• EXERCISE AIM: Starting from the line that contains "除了在底部带有主动散热风扇和", output every remaining line of the records below exactly as it appears, that line and the last one included.

***** DATA IN THIS EXERCISE

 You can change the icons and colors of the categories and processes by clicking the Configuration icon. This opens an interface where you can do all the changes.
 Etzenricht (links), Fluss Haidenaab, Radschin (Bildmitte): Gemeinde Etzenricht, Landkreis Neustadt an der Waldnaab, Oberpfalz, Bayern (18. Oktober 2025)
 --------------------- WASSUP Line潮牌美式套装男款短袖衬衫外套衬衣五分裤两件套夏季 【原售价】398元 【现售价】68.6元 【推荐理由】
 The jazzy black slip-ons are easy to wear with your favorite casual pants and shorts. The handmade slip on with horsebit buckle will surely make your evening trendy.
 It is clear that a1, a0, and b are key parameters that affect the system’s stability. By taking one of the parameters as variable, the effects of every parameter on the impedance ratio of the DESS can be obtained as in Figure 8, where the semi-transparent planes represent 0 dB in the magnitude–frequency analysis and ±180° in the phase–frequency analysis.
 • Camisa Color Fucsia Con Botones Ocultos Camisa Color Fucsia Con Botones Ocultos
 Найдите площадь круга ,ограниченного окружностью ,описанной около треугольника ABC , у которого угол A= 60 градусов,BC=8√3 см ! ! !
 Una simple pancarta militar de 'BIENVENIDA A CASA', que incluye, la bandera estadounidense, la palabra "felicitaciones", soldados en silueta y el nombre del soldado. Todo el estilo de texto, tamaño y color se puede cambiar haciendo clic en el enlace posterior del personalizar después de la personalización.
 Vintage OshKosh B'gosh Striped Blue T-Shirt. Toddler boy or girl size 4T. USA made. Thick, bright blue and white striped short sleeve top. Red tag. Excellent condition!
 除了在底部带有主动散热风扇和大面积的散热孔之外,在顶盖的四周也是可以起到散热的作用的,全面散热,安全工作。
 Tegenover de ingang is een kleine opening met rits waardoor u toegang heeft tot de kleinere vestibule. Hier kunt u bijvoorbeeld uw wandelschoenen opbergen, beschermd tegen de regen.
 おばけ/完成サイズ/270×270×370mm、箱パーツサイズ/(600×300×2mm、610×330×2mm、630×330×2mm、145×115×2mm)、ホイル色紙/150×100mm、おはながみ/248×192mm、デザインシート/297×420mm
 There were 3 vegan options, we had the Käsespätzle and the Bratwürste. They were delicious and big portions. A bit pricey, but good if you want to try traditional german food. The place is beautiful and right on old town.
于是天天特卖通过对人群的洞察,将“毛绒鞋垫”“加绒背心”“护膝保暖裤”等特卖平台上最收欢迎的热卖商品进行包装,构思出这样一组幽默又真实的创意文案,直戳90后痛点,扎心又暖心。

**********

• YOUR SOLUTION:
 除了在底部带有主动散热风扇和大面积的散热孔之外,在顶盖的四周也是可以起到散热的作用的,全面散热,安全工作。
 Tegenover de ingang is een kleine opening met rits waardoor u toegang heeft tot de kleinere vestibule. Hier kunt u bijvoorbeeld uw wandelschoenen opbergen, beschermd tegen de regen.
 おばけ/完成サイズ/270×270×370mm、箱パーツサイズ/(600×300×2mm、610×330×2mm、630×330×2mm、145×115×2mm)、ホイル色紙/150×100mm、おはながみ/248×192mm、デザインシート/297×420mm
 There were 3 vegan options, we had the Käsespätzle and the Bratwürste. They were delicious and big portions. A bit pricey, but good if you want to try traditional german food. The place is beautiful and right on old town.
于是天天特卖通过对人群的洞察,将“毛绒鞋垫”“加绒背心”“护膝保暖裤”等特卖平台上最收欢迎的热卖商品进行包装,构思出这样一组幽默又真实的创意文案,直戳90后痛点,扎心又暖心。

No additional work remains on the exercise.